Although a self test probably would not have helped Flt 744 there have been plenty that would have been. I'm confident that 744's problem will be found, fixed and not recur. I've been on many failure review boards, and this is the definitive solution type. But random failures, bugs and taped over ports will keep happening. Self test is defiantly worth a try.

Phil Bunch

Quote from: Hardy HeinlinThat "small burst of air" to test the exact calibration – or just to clean the tube?


I hadn't thought of the test as an exact calibration test, but only as something to crudely test for complete blockage.  

However, I just realized a puff of air might force ice particles, dirt, or insect bodies into the port, permanently blocking it and making things worse!  

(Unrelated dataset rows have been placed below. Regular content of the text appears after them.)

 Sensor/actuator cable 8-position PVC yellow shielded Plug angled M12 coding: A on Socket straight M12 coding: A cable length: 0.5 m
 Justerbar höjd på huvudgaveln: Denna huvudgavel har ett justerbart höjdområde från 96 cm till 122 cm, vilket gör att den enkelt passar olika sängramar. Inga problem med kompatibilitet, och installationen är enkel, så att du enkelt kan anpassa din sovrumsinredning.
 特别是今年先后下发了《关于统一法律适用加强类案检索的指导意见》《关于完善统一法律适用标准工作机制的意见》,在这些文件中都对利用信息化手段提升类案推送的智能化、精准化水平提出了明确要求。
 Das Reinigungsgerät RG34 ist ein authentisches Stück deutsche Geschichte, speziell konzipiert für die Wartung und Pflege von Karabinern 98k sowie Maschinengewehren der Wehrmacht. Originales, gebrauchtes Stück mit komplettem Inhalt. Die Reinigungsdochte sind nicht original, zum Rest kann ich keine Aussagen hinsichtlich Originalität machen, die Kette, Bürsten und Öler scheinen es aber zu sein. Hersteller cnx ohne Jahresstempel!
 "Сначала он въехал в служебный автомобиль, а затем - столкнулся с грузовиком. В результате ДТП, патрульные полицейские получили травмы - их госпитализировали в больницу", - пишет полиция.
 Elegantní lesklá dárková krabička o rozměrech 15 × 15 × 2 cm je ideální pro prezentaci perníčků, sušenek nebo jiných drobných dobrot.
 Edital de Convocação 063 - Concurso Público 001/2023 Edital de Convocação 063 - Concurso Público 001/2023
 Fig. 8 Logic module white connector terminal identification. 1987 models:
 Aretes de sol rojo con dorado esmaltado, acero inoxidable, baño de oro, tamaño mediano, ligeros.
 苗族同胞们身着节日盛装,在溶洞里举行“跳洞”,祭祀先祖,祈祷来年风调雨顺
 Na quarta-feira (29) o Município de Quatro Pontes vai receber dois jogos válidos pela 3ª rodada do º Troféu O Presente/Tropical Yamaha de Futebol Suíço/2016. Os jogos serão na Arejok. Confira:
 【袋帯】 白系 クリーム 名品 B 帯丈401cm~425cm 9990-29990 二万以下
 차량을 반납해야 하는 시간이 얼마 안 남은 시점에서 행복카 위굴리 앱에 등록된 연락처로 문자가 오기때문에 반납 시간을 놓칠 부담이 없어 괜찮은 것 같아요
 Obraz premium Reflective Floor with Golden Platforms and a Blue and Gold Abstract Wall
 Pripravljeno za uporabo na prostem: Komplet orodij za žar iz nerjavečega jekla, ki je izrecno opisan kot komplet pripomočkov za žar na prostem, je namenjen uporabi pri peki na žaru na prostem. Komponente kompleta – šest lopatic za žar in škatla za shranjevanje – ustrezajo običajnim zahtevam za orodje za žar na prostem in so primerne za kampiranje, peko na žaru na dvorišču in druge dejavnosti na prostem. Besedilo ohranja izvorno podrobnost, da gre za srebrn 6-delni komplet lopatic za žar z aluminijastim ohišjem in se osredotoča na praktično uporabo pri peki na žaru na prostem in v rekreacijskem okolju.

I fear that my new "career" as an avionics engineer isn't getting off to such a good start!!!
Best wishes,

Phil Bunch

Dominic Manzer

I was thinking of a puff from inside the tube out word.  It could remove debris, although this was not my intent. New debris could not be introduces.

When a closed back port (the port is not connected through tubing to remote equipment ) is taped over, flexing of the tape provides enough volume flow so that the operation of the port appears normal at first. A puff from the outside would fail to detect the blocked port in this case.

In an internal test with a volume of gas introduced of only 1% of the volume of the tube, a permanent offset in attitude of 600 ft would be created in a completely blocked tube. A similar large offset in air speed would be created, but I need to get out the text books to calculate the size. The point is that any deviation from the normal profile of a test would be flagged as showing an unreliable air data system. This test would show internal blockages before they have opportunity to cause a crash.

The required volume of gas is so small that a single CO2 cartridge, as used in air guns, would supply enough gas for tens of thousands of tests. If a problem is detected in flight, a port clearing could be performed with a CO2 system that is strong enough to remove covers or tape.

This is a fertile area to investigate. The test could be implemented in many ways. Assessing the benefits and potential new risks will determine witch if any test methods should be implemented.


Pitot static tubings incorporate a drain facility for maintenance action, such as clear humidity, dust snd other foreign objects.
A foreign object which constitutes a constriction can be detected by use of the system test sets.